Today’s supply chain leaders are facing a perfect storm of new disruptive technologies that will transform the management of supply chain operations. Over the years, we have seen cloud, mobile, and big data technologies enter the supply chain, but today IoT, AI, drones, 3D printing, blockchain, and augmented reality (AR) are all jostling for the attention of CIO budgets. These new technologies will require investment in new network infrastructures. More importantly, new enterprise solutions can leverage the information and insights provided by these technologies and apply it across the supply chain. We are seeing the supply chains of today evolve into the connected and intelligent digital ecosystems of tomorrow. For the purposes of this article, let’s see how augmented reality could impact tomorrow’s supply chains.
Electronic data interchange (EDI) based transactions allow companies to exchange business documents such as purchase orders and invoices in an electronic format. However, EDI documents can be difficult to understand to the untrained eye, but what if you could visualize your trading partner community in a 3D, virtual representation of your business network and then show the EDI transactions flowing across the ecosystem? As analytics starts to be deployed across more supply chains, there will be an increasing need to visually represent this data in a meaningful way, for anyone to understand. AR technology could potentially be the solution to help and the primary goal of AR is to overlay a real-world environment with highly detailed and interactive 3D models of information.
In the image below, a supply chain director is standing in front of a conference table, wearing an AR headset, such as Microsoft’s HoloLens, and is preparing to view and interact with a 3D representation of the supply chain.
By leveraging certain spoken commands, they can interact with their virtual supply chain in a number of ways:
“Overlay virtual supply chain on conference table.” - A virtual representation of the supply chain appears in front of them.
“Display key trading partners to US and EMEA factories.”- Factories are represented on the left and key trading partners are overlaid on the right of the virtual supply chain.
“Run transactions flows from 14th September 2018.”- All transactions from a specific date or period of time can be displayed with animated documents flowing between the trading partners and the customer.
“Display this purchase order to Supplier 1.”- The user can reach out and point to a specific transaction. The details are shown as a virtual representation of the physical document, whether it be a purchase order, invoice, advance ship notice, or acknowledgement transaction.
Once the supply chain has been displayed and trading partners with transaction flows have been overlaid, the supply chain director could run a number of queries:
Run ‘what if’ scenarios across the interactive model - For example, if a new plant opens in China and a company needs to connect new trading partners to their Business Network, running the transaction flow simulation in AR could help them analyze what impact it will have on the volume of B2B transactions moving across the ecosystem.
Allow supply chain information to become more pervasive across the enterprise. - For example, senior executives could take part in supply chain review meetings as the information presented in the AR environment would be easier to access and understand than through a traditional supply chain review process.
Review shipments transported by 3PL providers. - In addition to reviewing transaction flows in AR, you could also review the associated shipments being transported by 3PL providers.

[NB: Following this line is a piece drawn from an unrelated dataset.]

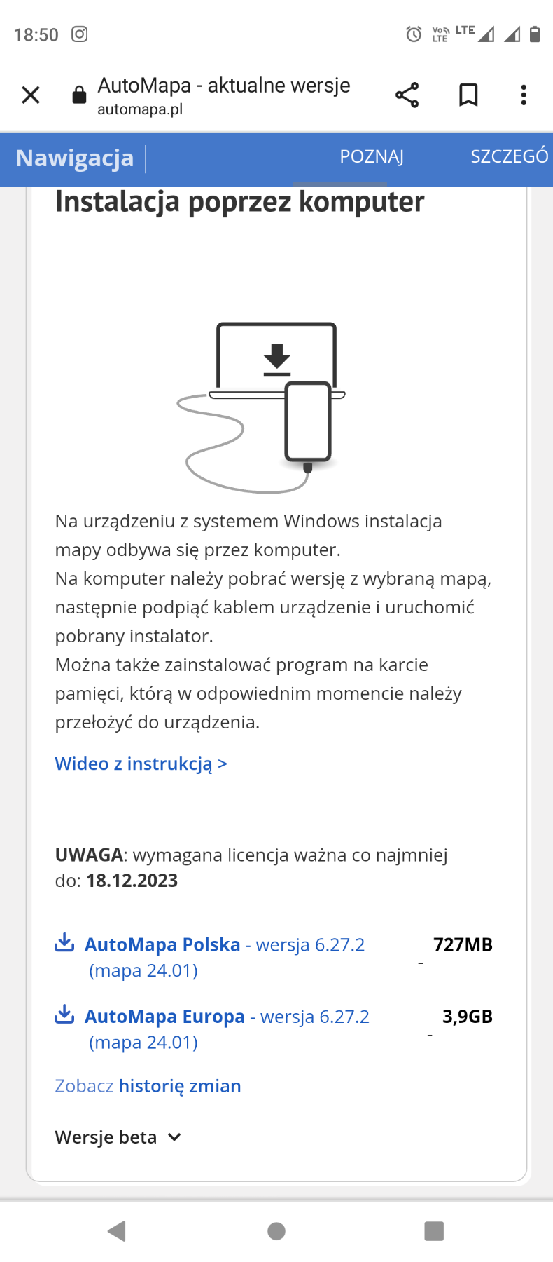 Link do pobrania map od ich producenta (jednak instalacja możliwa po wykupieniu subskrypcji)

It is one thing running a simulation of transaction flows, but being able to watch shipments as they leave their point of manufacture and proceed to their point of delivery across a virtual model of a supply chain with 3D models of lorries, trains, planes, and ships presented in AR could be quite powerful.
Leverage AR for disruption management. - After a natural disaster has impacted a supply chain, AR could be used as a virtual situation room to analyze the effect of the disruption on a supply chain. “Overlay latest supply chain disruptions” would highlight which suppliers or 3PL carriers are likely to be impacted and alternative plans can be made. Different disruption types can be represented as 3D models and this would be updated by ingesting information from various news, social, and weather feeds.
Improving end-to-end visibility is one of the key challenges facing supply chain leaders today and even though this is being achieved in the literal sense by AR, it still offers a unique way to visualize and interact with supply chain related information. As supply chain control towers and war rooms are becoming more of a common place, AR will allow companies to take this to the next level.